BORSE ASIATICHE POSITIVE, GIAPPONE SOPRA I MASSIMI DI LUGLIO

Anche Shanghai è vicina al record degli ultimi 2 mesi. Tra le borse asiatiche solo l’India è sotto la parità

L’intonazione delle borse asiatiche rimane positiva. Il Giappone è il primo mercato dell’estremo oriente a portarsi sopra i massimi di inizio luglio. Lo Shanghai Composite è molto vicino. In una giornata con il segno più fa eccezione l’India. Nel momento in cui si scrive Bombei è poco sotto la parità.

I listini si muovono al rialzo grazie agli stimoli annunciati dalla Banca Centrale Europea ed all’idea di Donald Trump di procedere ad un accordo temporaneo con Pechino sul commercio. Sul listino giapponese si assiste poi ad una rotazione dai bond alle azioni.

Nel dettaglio queste le chiusure: Tokyo +1,05%, Seul +0,84%, Shanghai +0,75%, (ancora aperta), Hong Kong +0,73% (ancora aperta), Bombei -0,11% (ancora aperta),

BORSE ASIATICHE: ANALISI TECNICA

Come detto, tra le borse asiatiche il Giappone è sopra i massimi di luglio, Cina è molto vicina. Corea e Hong Kong sono più indietro ma hanno superato i massimi di agosto. L’India rimane laterale.
Gli impulsi e le tendenza sono tutte positive fa eccezione l’India con impulso negativo e trend laterale.

VALUTE

Il dollaro chiude in flessione la seduta asiatica.

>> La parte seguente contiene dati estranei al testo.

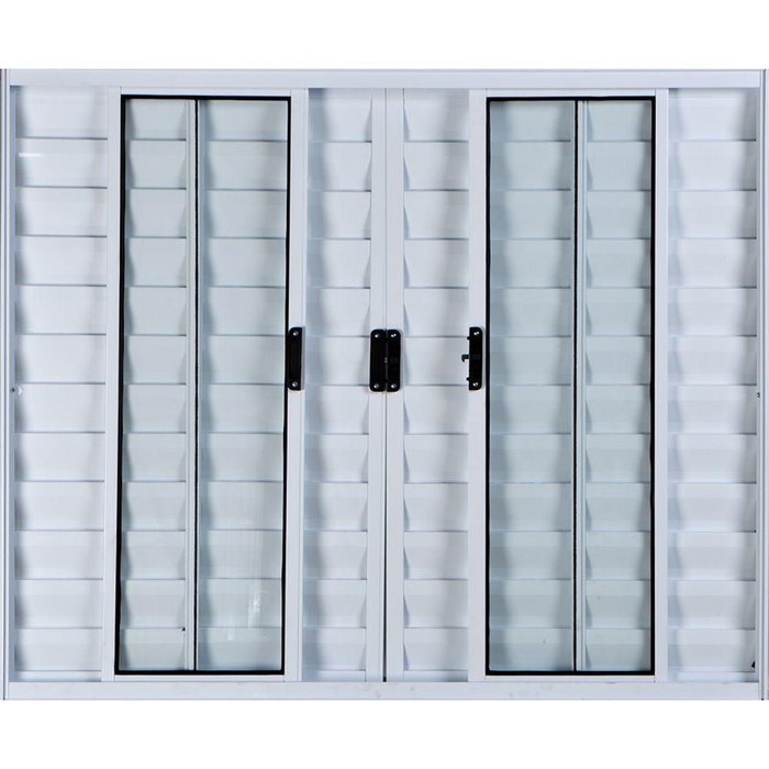 Janela Veneziana De Alumínio 6 Folhas 1,20 X 1,50 Sem Grade Cor Branco Linha All ModularVENEZIANA 6 FOLHAS SEM GRADE Venezianas 6 folhas de Alumínio foram feitas para trazer conforto e comodidade. Mais utilizada em quartos (dormitórios) por seu formato discreto e aconchegante, pode também ser utilizada nos mais diversos ambientes tais como: galpões, escritórios e etc... Devido ao seu sistema de abertura central, proporciona uma maior claridade e ventilação e servindo também para manter o ambiente mais fechado e escuro.Especificações TécnicasVenezianas de Alumínio de Correr.Altura Total Produto: 120 Centímetros. Largura Total Produto: 150 Centímetros.Espessura Total do Produto: 8,5 Centímetros.Pintura Eletrostática Branca (Epóxi).Modelo e Espessura do Vidro: Vidro Incolor de 3,5mm.Modelo de abertura: 6 Folhas (Corre Central) – 2 Folhas Fixas Laterais – 2 Folhas de Correr.Contêm: 4 Folhas em Aluminio (2 Vedada / 2 Ventiladas) – 2 Folhas de VidroSem Grade InclusaConteúdo: Perfis de Alumínio, Batentes, Ferragens, Vidro e Acessórios.Produto Pronto para Instalar (Acabado e Montado) Fácil Instalação.Fabricante: Fabricação Própria (Desde 2004 no mercado).Local indicado: Ambiente Interno e Externo - Residencial e Comercial.Produto Normatizado (ABNT).Produto com Alta Durabilidade.Embalagem de Proteção Incluso.Garantia contra defeitos de fabricação.Marca :ALL MODULAR

Dollaro Yen è in tendenza positiva dalla metà di agosto, l’impulso rimane ascendente. La sessione asiatica chiude a 108,02 -0,05%. La prossima resistenza è a 108,43. Segnali di debolezza sotto 107,00.

Dollaro Yuan, come detto, ha toccato i massimi intraday a 7,19 59 ad un passo da 7,20 all’inizio della settimana precedente per poi ritracciare nelle sedute successive.

Il cambio rimane all’interno di un impulso ribassista. La chiusura della sessione asiatica è a 7,03 00 (-0,45%). Il successivo supporto è sulla importante soglia psicologica a 7,00, livello dal quale partì l’accelerazione rialzista di dollaro yuan.

Euro Dollaro ha toccato ieri il minimo del 3 settembre per poi ripartire al rialzo. La sessione asiatica termina a 1,10 96, +0,29% in impulso rialzista.

MATERIE PRIME

Il petrolio è all’interno di impulso ribassista durante le contrattazioni delle borse asiatiche, dopo una falsa rottura al rialzo di un triangolo ascendente. Il greggio non è riuscito a recuperare il momentaneo apprezzamento del dollaro americano che ha portato giù le quotazioni. Il petrolio è quotato in dollari, per cui quando il biglietto verde si apprezza tende a scendere.

Nel fine settimana precedente è stato comunicato l’avvicendamento al vertice della Ministero dell’Energia dell’Arabia Saudita. Re Salman dell’Arabia Saudita ha sostituito il ministro dell’Energia Khalid Al Falih con uno dei suoi figli: il principe Abdulaziz bin Salman.

Il rame ha reagito dai minimi di periodo a 2,52 di inizio settimana. L’impulso rimane positivo, algebricamente chiude la sessione asiatica in positivo a 2,65 (+0,12% rispetto a ieri). La tendenza è positiva.

Quanto all’oro, ritraccia dai massimi di periodo e resistenze di breve in area rispettivamente a 1.555 e 1.550. L’impulso è tornato positivo, dopo i minimi a 15 giorni a 1.484. La chiusura della sessione asiatica è positiva a 1.504 +0,38%.

Crescita del rendimento giapponese
Grafico Bond decennale giapponese by Trading View

TASSI D’INTERESSE

Prosegue l’impulso positivo dei tassi di interesse dopo i minimi delle settimane precedenti. In discesa i prezzi dei bond decennali, con un rialzo dei rendimenti. Il decennale giapponese rende -0,15% con +5,6 basis point, quello australiano quota 1,16% +1,7 basis point di rendimento.

Per il tasso di interesse giapponese siamo sui massimi di settembre, mentre per quello australiano siamo vicini ai massimi di agosto.